What to do:
Print exactly the lines below between the line containing "4. Choose your" and the line containing "Bonne lecture !", counting both of those lines. Leave pictures out.

Material to process:

========================================

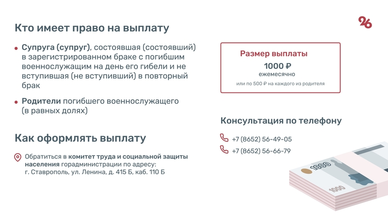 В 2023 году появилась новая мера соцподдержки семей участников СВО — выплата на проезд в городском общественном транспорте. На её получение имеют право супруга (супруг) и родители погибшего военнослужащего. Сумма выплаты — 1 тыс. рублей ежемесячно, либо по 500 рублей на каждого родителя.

========================================

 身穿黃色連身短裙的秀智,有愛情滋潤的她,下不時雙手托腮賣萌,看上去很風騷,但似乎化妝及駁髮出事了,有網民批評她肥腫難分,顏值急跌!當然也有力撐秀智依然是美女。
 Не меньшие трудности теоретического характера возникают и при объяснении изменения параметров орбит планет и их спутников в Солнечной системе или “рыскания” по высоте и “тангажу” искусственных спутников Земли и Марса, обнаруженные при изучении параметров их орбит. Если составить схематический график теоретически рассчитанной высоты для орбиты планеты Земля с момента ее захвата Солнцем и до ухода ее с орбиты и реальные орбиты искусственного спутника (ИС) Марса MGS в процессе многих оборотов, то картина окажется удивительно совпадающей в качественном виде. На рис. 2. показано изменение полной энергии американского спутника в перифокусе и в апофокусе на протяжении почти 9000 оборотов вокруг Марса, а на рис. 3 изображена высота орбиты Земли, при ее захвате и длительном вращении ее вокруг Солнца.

========================================

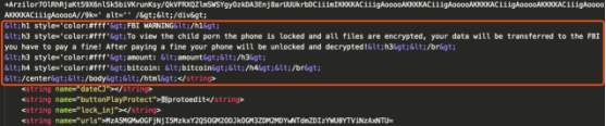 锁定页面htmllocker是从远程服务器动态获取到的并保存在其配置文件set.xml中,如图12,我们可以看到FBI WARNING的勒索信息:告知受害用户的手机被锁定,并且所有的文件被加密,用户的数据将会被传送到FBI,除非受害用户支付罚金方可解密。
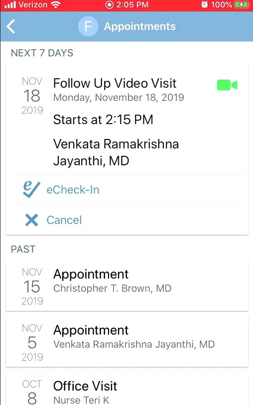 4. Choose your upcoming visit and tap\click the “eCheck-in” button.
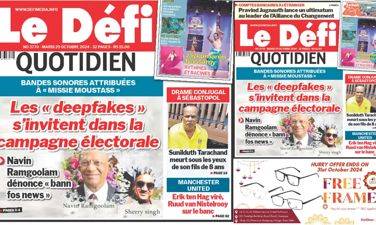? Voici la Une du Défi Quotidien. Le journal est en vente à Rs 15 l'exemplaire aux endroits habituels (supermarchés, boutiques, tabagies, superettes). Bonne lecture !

========================================

Answer box:
 4. Choose your upcoming visit and tap\click the “eCheck-in” button.
? Voici la Une du Défi Quotidien. Le journal est en vente à Rs 15 l'exemplaire aux endroits habituels (supermarchés, boutiques, tabagies, superettes). Bonne lecture !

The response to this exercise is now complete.